Стал он к нам в дом заглядывать. Вижу, радуется Настасья Кузьминична его приходам. Ждет. То бусы, глядишь, наденет, то платочек беленький повяжет. А была она в молодые годы высокая, стройная, как говорится, царица, да и только. Правда, очень уж молчаливая. А тут и разговор появился, и пошутит когда. Я-то, хоть и мал был, живо смекнул, в чем дело, да и добрые люди помогли понять, что к чему. Добрым людям всегда есть дело до этих дел, — мимоходом заметил дядя Никифор. — Ну вот, однажды пришел он, я, как всегда, стал здесь же крутиться возле дома: когда он приходил, я далеко не отлучался. Прошло немного времени, зовут меня. Стоит она вся розовая, глаза блестят, никогда я ее такой красивой не видел.
— Ну вот, Никита, говорит, я за Петра Григорьевича замуж выхожу. Будем втроем жить. Что скажешь на это?

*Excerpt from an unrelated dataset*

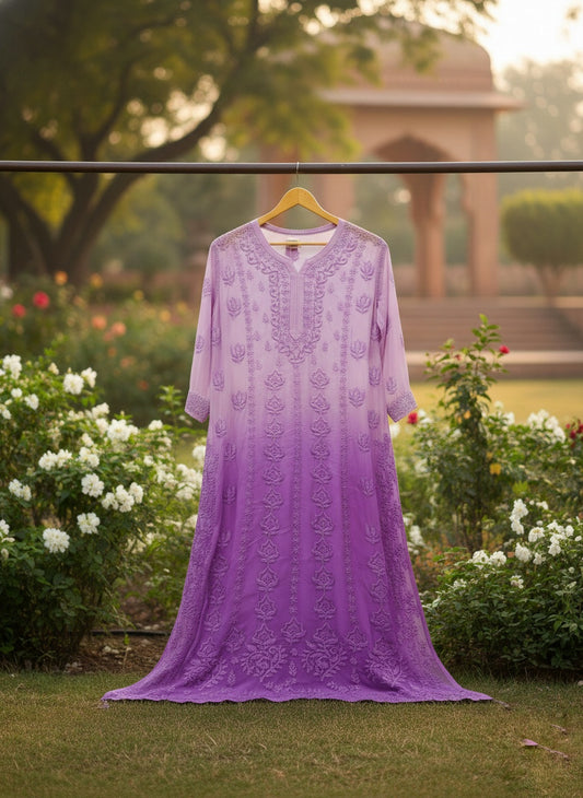 Mauve Premium Georgette Kurta Chikankari embroidery

И тут меня всего затрясло, кинулся я к ней да орать благим матом:
— Маманька, милая, не ходи за него, не ходи!
Чего я тогда испугался — толком не знаю. Наверное, боялся, что не один у нее буду. Что меньше тепла ее на мою долю достанется.
В общем, кричал что-то и все маманькой звал. А ведь до того только тетей, не поворачивался язык матерью звать: свою хорошо помнил. А тут само вырвалось. А она-то, как услыхала это «маманька», кинулась ко мне, побелела вся, обхватила руками.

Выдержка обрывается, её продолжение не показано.